A Closer Look at ACL Tears

The ACL (anterior cruciate ligament) is a key ligament in the knee that helps stabilize the knee, especially during cutting, pivoting, and jumping. Tears to the ligament often occur during these movements, particularly sudden changes in direction or landing awkwardly after a jump. Direct contact to the knee can also damage the ACL.

ACL tears are particularly common in sports like:

  • Soccer
  • Basketball
  • Lacrosse
  • Volleyball
  • Tennis

What Does It Feel Like?

  • An audible popping sound followed by intense pain in or around the knee
  • Shifting or out-of-place sensations in the knee 
  • Loss of Range of Motion
  • Swelling within hours
  • Knee instability or feelings of the knee giving way
  • Inability to bear weight on the leg

What Are Some Risk Factors?

  • Previous knee injury 
  • Poor landing mechanics 
  • Fatigue during play 
  • Quad-dominant movement 
  • The wrong equipment or surface

A Closer Look at Achilles Tendon Injuries

The Achilles tendon connects the calf muscles to the heel. It helps you push off when walking, running, or jumping. Damage to the tendon often occurs during sudden acceleration or sprinting. However, the Achilles tendon is also susceptible to strain from repetitive movements.

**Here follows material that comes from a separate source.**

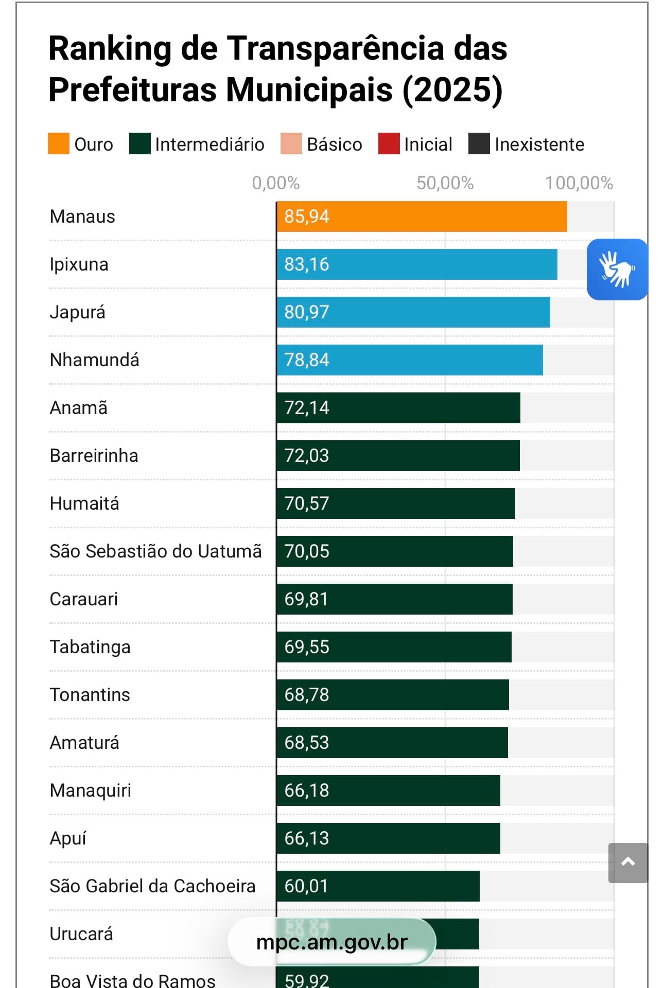 O município de Japurá, administrado pelo prefeito Professor Vanilso Monteiro, alcançou um feito inédito e histórico ao conquistar a 3ª colocação no ranking de transparência do Ministério Público de Contas do Amazonas (MPC-AM), através do Radar de Transparência Pública.

We often see Achilles tendon injuries in:

  • Running
  • Basketball
  • Tennis
  • Track and field

What Does It Feel Like?

  • Pain or stiffness in the back of the heel 
  • Tenderness with activity
  • A sudden sharp pain, often with an audible popping sound (in severe cases) 
  • Difficulty, pain, or an inability to push off

What Are Some Risk Factors?

  • Tight calf muscles
  • Sudden increases in activity
  • Poor footwear
  • Limited ankle mobility

How Physical Therapy Helps with Knee or Achilles Recovery

Recovery from ACL or Achilles injuries depends on restoring strength, mobility, and function, which is why physical therapy plays a central role at every stage of your rehab, whether surgery is involved or not.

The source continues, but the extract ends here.